As far as I can tell your load method is creating a URLClassLoader containing just one JAR file. So you're going to end up with a classloader structure like this

                  main
                 /    \
                /      \
  UCL with aaa.jar    UCL with aab.jar

thus classes in aaa and in aab can both see classes in main, but aaa and aab cannot see each other. If you want each plugin to be able to see the classes of those plugins that were loaded before it, then you need to arrange things so that each plugin you load uses the classloader of the previous plugin as its parent

          main
            |
       UCL with aaa.jar
            |
       UCL with aab.jar

To do this you'd have to cache the loader you create when you load one plugin, and then pass that as a parameter when you create the next plugin's classloader.

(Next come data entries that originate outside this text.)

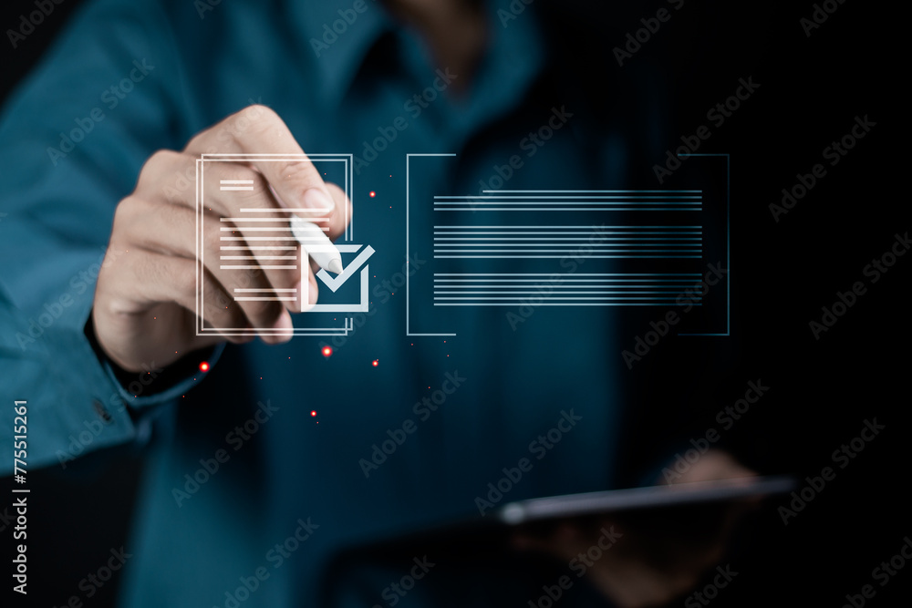 Compliance rules and law regulation policy for business organization on virtual screen. Enforcement of laws, regulations, and standards.
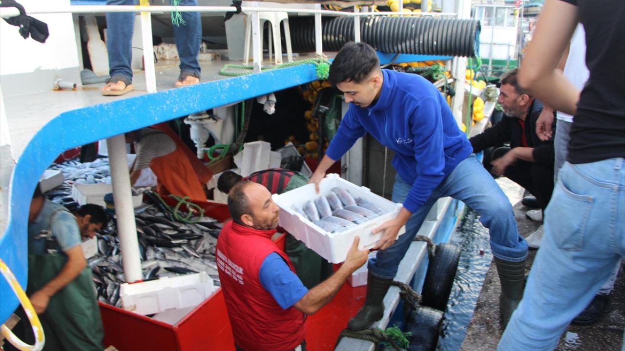 Teknelerden birindeki 2 bin 500 çift palamut, çevredekilerin de ilgiyle izlediği tahliye işlemiyle, şehir içine ve şehir dışına buzlanarak sevk edildi.
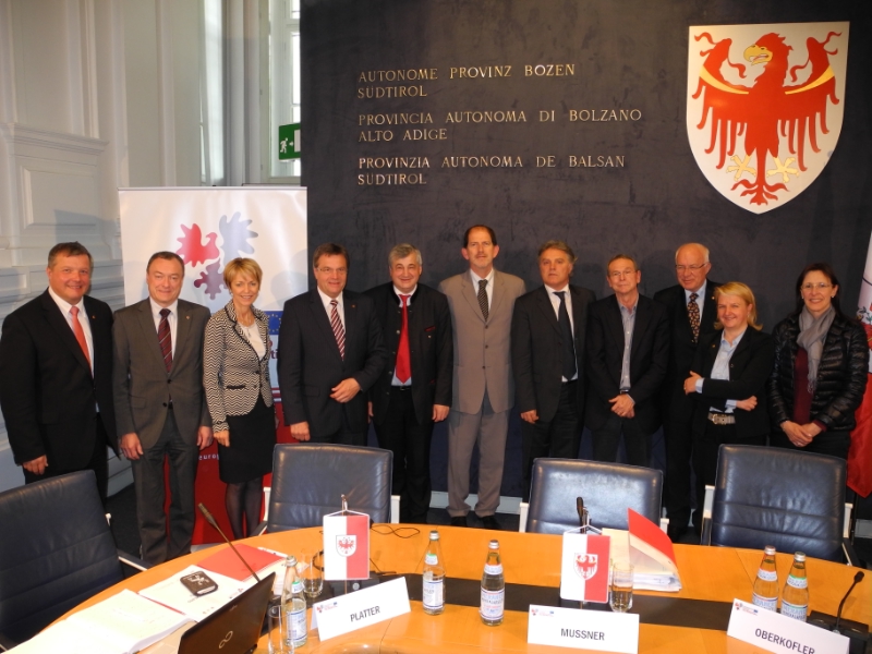 Die zwölfköpfige Versammlung des EVTZ "Europaregion Tirol-Südtirol-Trentino", der die jeweilige Landeshauptleute, drei Landesräte, die drei Landtagspräsidenten und drei Abgeordnete angehören, ist heute in Bozen zusammengekommen, um über das abgelaufene erste Tätigkeitsjahr Bilanz zu ziehen, die Projekte für 2013 vorzustellen und einen Ausblick auf 2014 zu werfen. Landeshauptmann Luis Durnwalder, der als Präsident der EVTZ vorsteht, konnte wegen einer Dienstreise nach Rom nicht an der Vollversammlung teilnehmen und wurde durch Landesrat Florian Mussner vertreten.
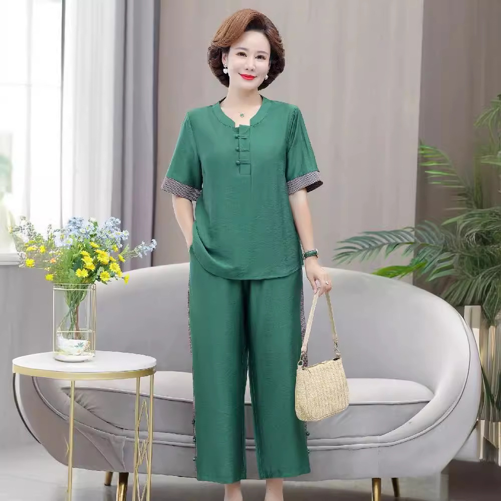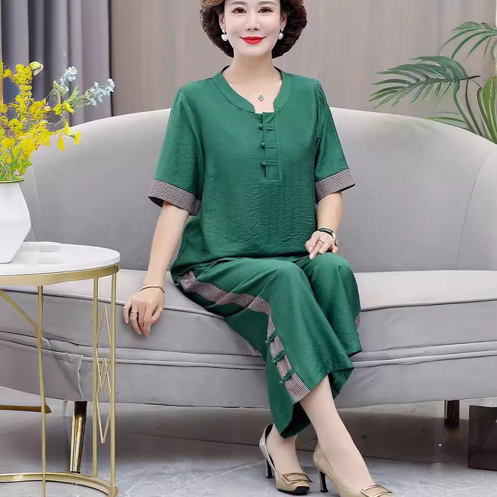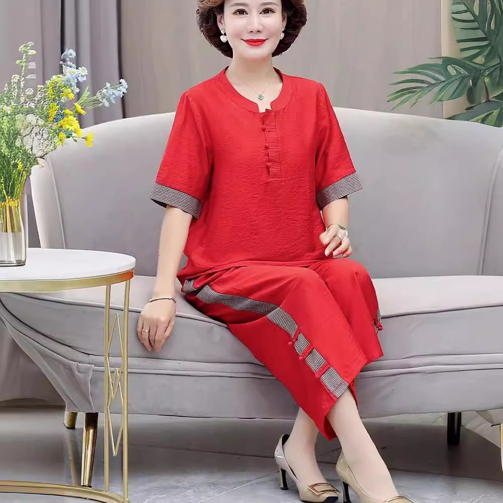 | nameOriginal | Cotton and Linen Short-sleeved T-shirt suit Women's Summer New Loose plus size Women's Clothing Middle-aged and Elderly Mother's Ankle-length Pants Two-piece Set |
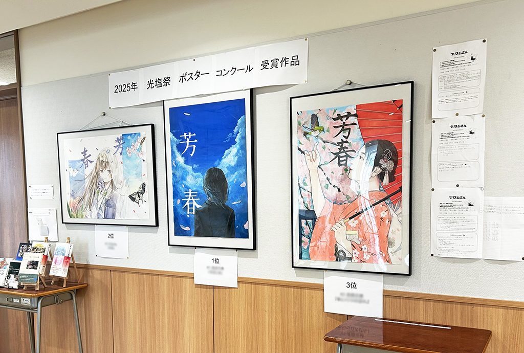 ポスターコンクールの受賞作品掲示。こうした掲示ひとつひとつに、生徒たちの活動が丁寧に共有されている様子が見られる
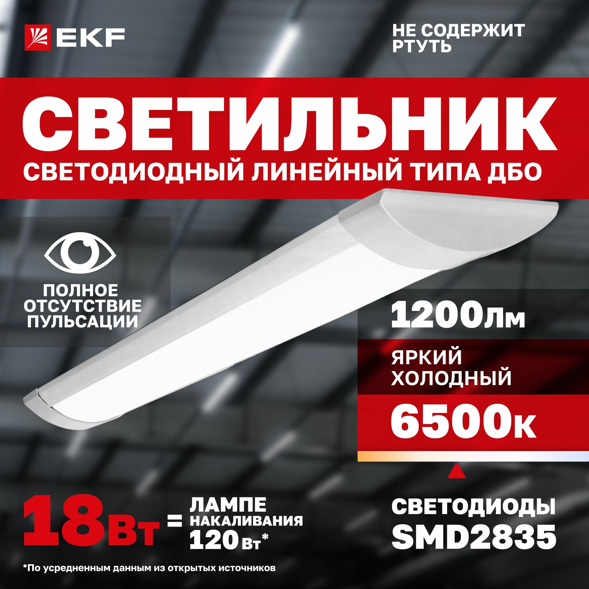 СохранитьСветильник светодиодный линейный ДБО-6102 18Вт 1200Лм 6500K (холодный белый) IP20 EKF Basic интересное:
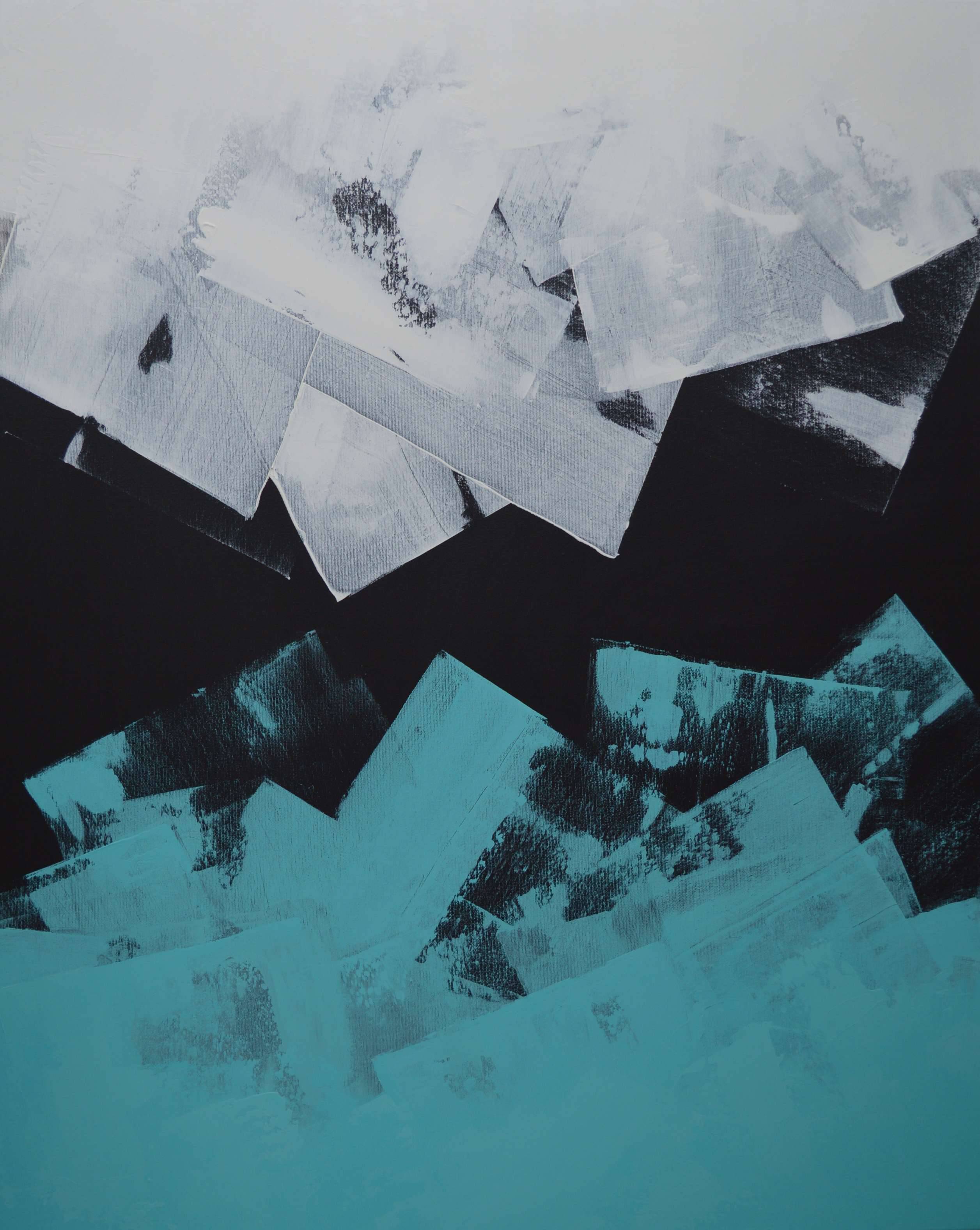 Na obrazie dominują zimne odcienie turkusu, bieli i czerni, tworząc hipnotyzującą kompozycję złożoną z geometrycznych form. Kolory przeplatają się, tworząc warstwy, które przypominają obłoki albo płyty lodowe, które można by spotkać w krainie lodu. Nastrój obrazu jest dość surowy i tajemniczy, ale jednocześnie odświeżający, jak poranny chłód po deszczu. Styl artysty przypomina ekspresjonizm abstrakcyjny z nietypową, swobodną techniką, jakby ktoś położył farbę paletą. Kiedy patrzę na to dzieło, odczuwam dziwną ochotę na zimowy spacer. Boże, jakby tak było można nacieszyć się chwilą! Tu forma goni formę, bez końca. Dzieciak powiedziałby: "To wygląda jak śnieżne góry!". Obraz wywołuje emocję spokoju, równowagi i pewnego dystansu od zgiełku codzienności. Czerń w tle przydaje całości głębi, kontrastując z jasnymi barwami, jakby mówiła: Hey, spójrz tu, nie przegap mnie. To dzieło to prawdziwy statement, który każe zatrzymać się na moment, zastanowić, jakie tajemnice kryją się pod powierzchnią tej zimowej symfonii.
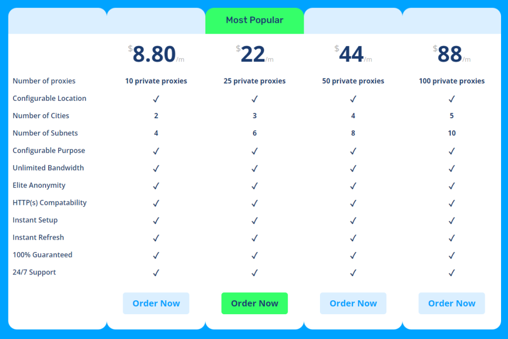Por ejemplo, 10 proxies privados cuestan $8.80 al mes, lo que significa pagar solo $0.88 por proxy privado. El precio por proxy no cambia sin importar cuántos proxies ordenes y para qué propósito. Esto es único para NewIPNow porque la mayoría de proveedores tienden a dar precios más bajos para órdenes más grandes.

private static ClassLoader lastPluginClassLoader = null;

public static void load(File file) throws Exception {
  //...
  ClassLoader loader = null;
  if(lastPluginClassLoader == null) {
    loader = new URLClassLoader(urls);
  } else {
    loader = new URLClassLoader(urls, lastPluginClassLoader);
  }
  lastPluginClassLoader = loader;
  // ...
}

But all this (a) is not thread safe unless synchronized and (b) makes the behaviour critically dependent on the order in which the plugins are loaded. To do things properly you'd need some way to declare which plugins depend on which other plugins, and set up the classloader tree appropriately, etc. etc.

... and if you go too far down that road you've just re-invented OSGi.